→ DATASET ENTRIES:
○ ○ ○

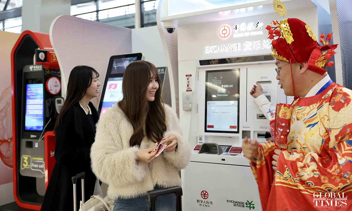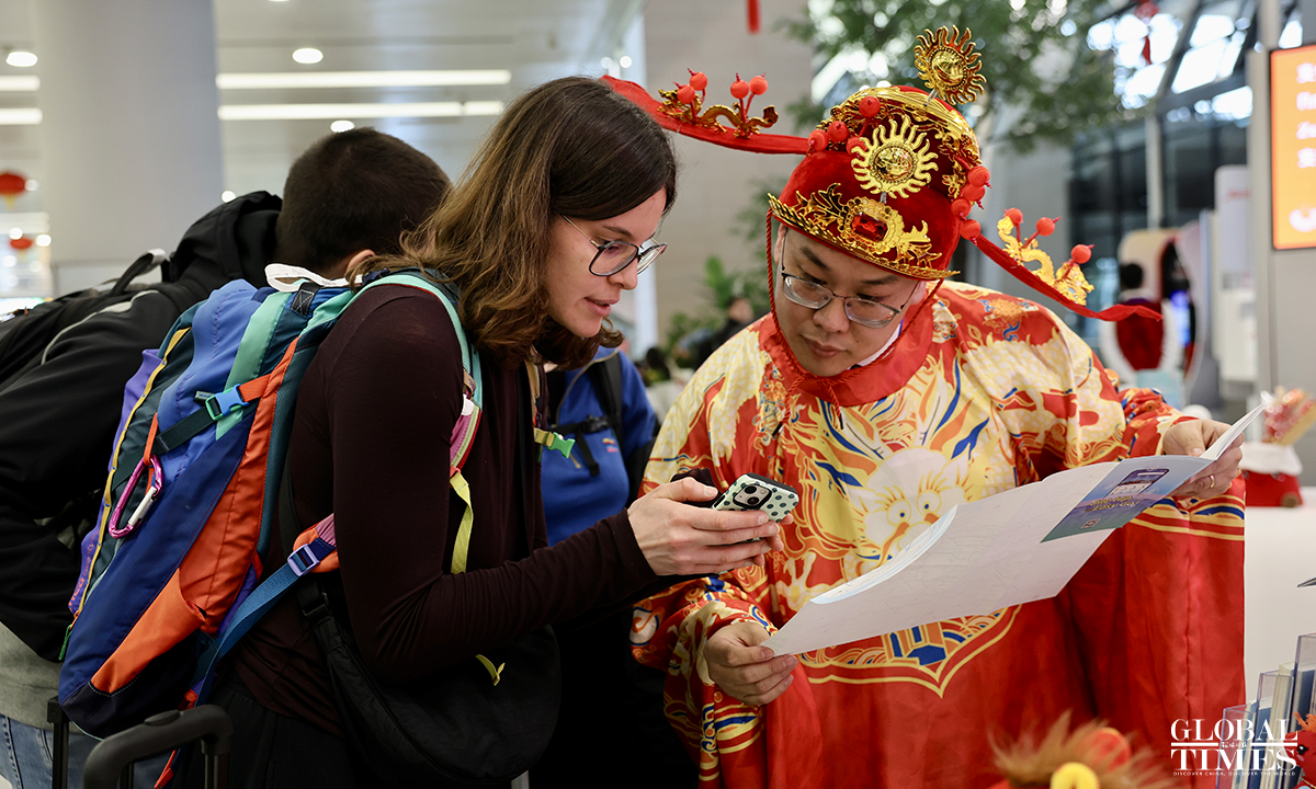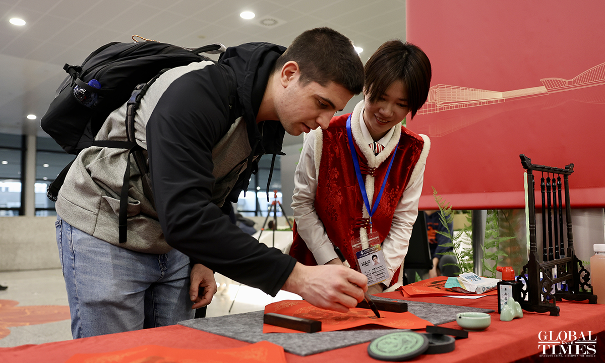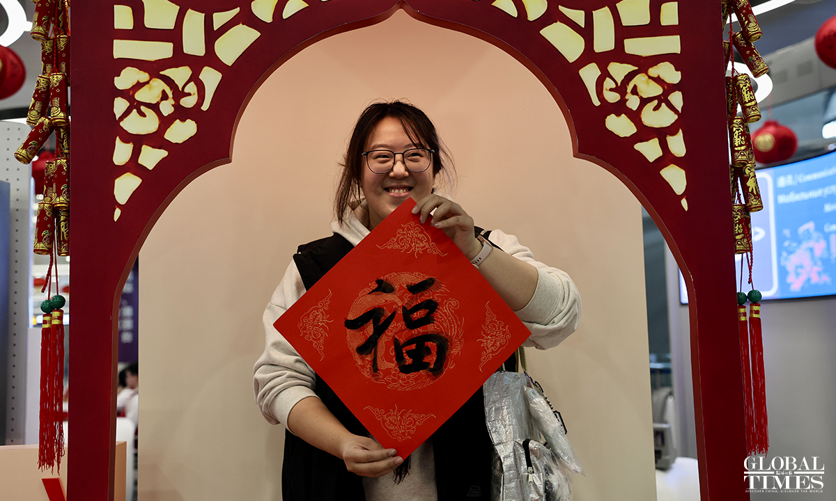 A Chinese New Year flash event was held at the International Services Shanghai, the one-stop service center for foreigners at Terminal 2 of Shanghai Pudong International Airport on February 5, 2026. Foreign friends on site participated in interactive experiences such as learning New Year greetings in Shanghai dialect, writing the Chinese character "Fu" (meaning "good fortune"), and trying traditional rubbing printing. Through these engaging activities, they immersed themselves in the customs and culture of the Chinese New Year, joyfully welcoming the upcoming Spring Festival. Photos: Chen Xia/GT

○ ○ ○

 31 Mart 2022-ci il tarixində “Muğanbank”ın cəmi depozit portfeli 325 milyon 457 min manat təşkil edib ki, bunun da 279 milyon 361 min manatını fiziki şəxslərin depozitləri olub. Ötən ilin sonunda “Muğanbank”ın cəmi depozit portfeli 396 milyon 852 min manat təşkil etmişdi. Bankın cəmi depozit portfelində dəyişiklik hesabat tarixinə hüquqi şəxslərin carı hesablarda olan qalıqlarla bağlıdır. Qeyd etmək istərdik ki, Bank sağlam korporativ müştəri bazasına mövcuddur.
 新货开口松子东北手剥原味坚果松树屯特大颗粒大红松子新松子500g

○ ○ ○

→ TASK DETAILS:
Look above for the line with "31 Mart 2022-ci" and the line with "新货开口松子东北手剥原味坚果松树屯特大颗粒大红松子新松子500g"; transcribe both and all lines in between, exactly, and nothing else.

→ ANSWER FOR THIS EXERCISE:
 31 Mart 2022-ci il tarixində “Muğanbank”ın cəmi depozit portfeli 325 milyon 457 min manat təşkil edib ki, bunun da 279 milyon 361 min manatını fiziki şəxslərin depozitləri olub. Ötən ilin sonunda “Muğanbank”ın cəmi depozit portfeli 396 milyon 852 min manat təşkil etmişdi. Bankın cəmi depozit portfelində dəyişiklik hesabat tarixinə hüquqi şəxslərin carı hesablarda olan qalıqlarla bağlıdır. Qeyd etmək istərdik ki, Bank sağlam korporativ müştəri bazasına mövcuddur.
 新货开口松子东北手剥原味坚果松树屯特大颗粒大红松子新松子500g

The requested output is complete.